* [Task details]: When you return the data, keep every word exact and include none of the images.
═══ Data block ═══
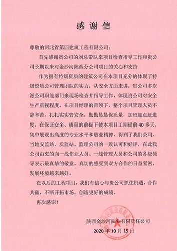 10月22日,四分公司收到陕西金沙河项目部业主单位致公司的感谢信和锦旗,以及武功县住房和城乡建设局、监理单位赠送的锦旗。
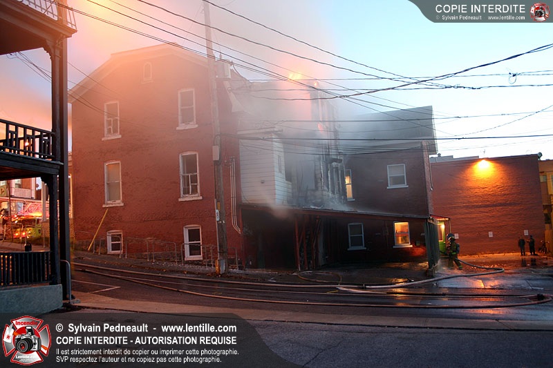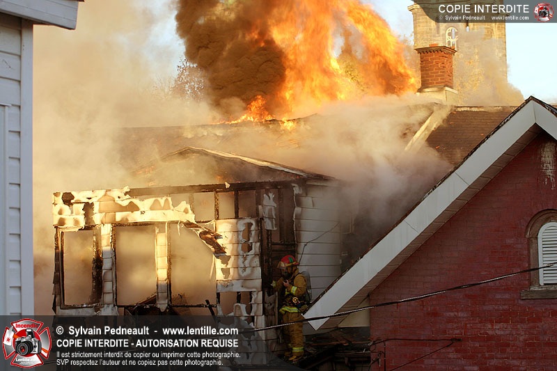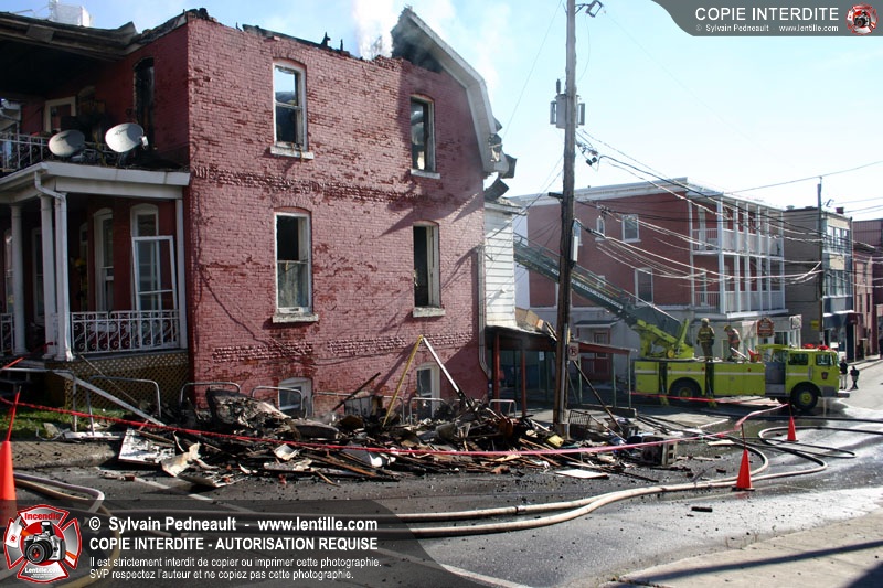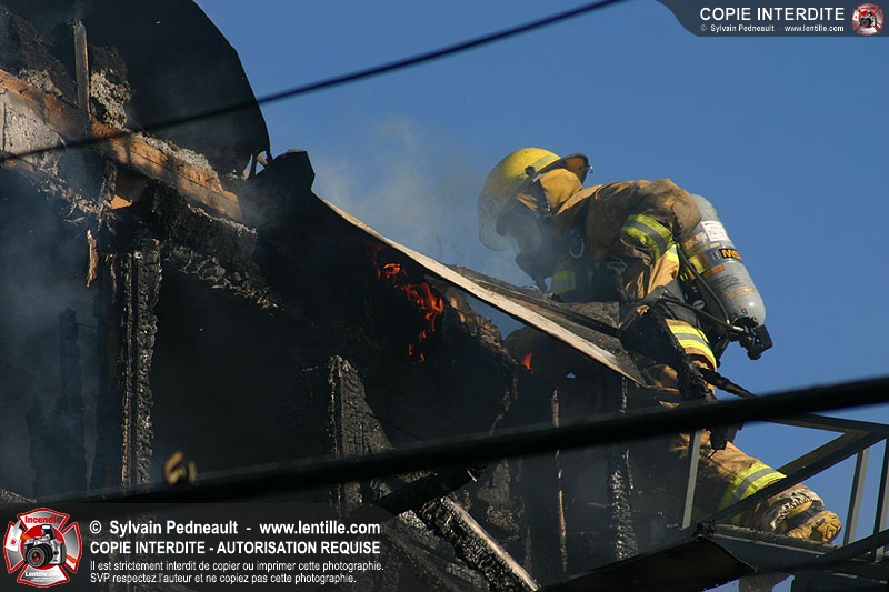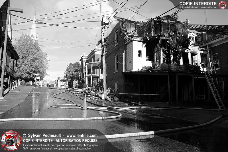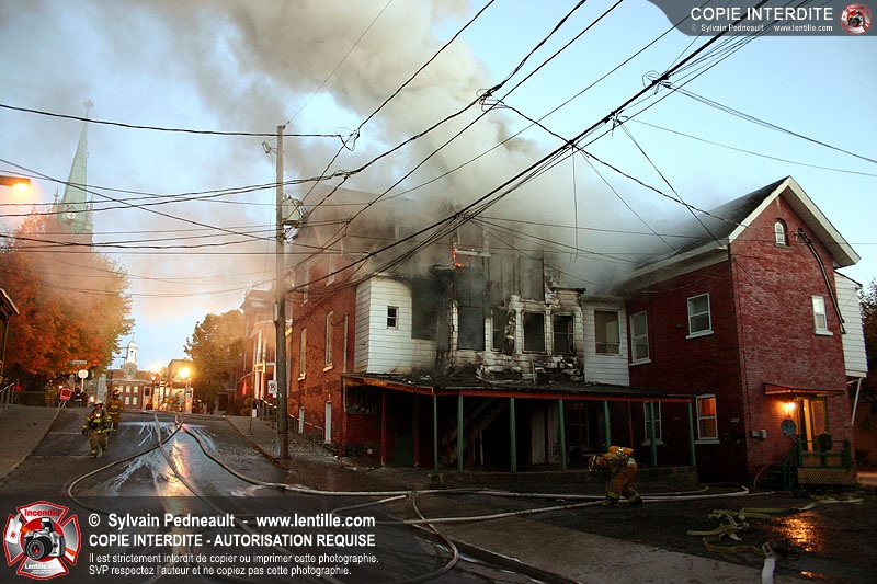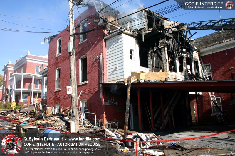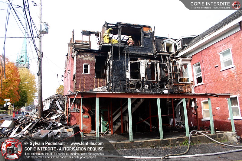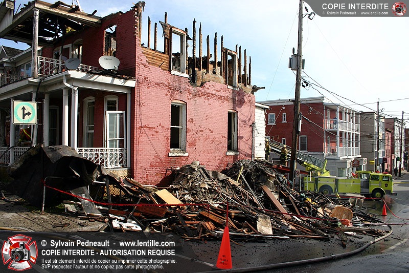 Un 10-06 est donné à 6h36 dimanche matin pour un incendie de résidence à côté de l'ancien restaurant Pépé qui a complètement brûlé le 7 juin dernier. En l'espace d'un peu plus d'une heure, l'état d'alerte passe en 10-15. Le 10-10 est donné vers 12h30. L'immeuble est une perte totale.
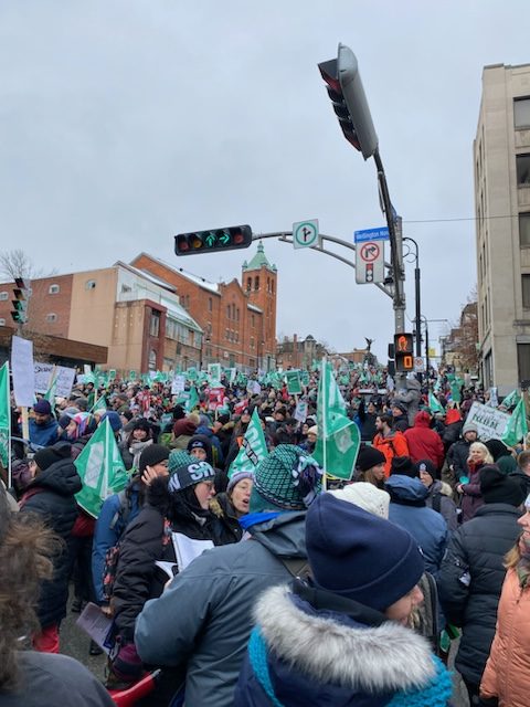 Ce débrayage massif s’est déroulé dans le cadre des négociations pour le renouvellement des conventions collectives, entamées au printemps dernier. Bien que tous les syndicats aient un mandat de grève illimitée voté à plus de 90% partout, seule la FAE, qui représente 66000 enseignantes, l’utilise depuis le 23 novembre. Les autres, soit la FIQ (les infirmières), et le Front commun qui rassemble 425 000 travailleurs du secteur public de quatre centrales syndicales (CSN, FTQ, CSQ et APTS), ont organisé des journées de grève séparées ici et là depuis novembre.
═══
* [Solution to the exercise]:
 10月22日,四分公司收到陕西金沙河项目部业主单位致公司的感谢信和锦旗,以及武功县住房和城乡建设局、监理单位赠送的锦旗。
 Un 10-06 est donné à 6h36 dimanche matin pour un incendie de résidence à côté de l'ancien restaurant Pépé qui a complètement brûlé le 7 juin dernier. En l'espace d'un peu plus d'une heure, l'état d'alerte passe en 10-15. Le 10-10 est donné vers 12h30. L'immeuble est une perte totale.
 Ce débrayage massif s’est déroulé dans le cadre des négociations pour le renouvellement des conventions collectives, entamées au printemps dernier. Bien que tous les syndicats aient un mandat de grève illimitée voté à plus de 90% partout, seule la FAE, qui représente 66000 enseignantes, l’utilise depuis le 23 novembre. Les autres, soit la FIQ (les infirmières), et le Front commun qui rassemble 425 000 travailleurs du secteur public de quatre centrales syndicales (CSN, FTQ, CSQ et APTS), ont organisé des journées de grève séparées ici et là depuis novembre.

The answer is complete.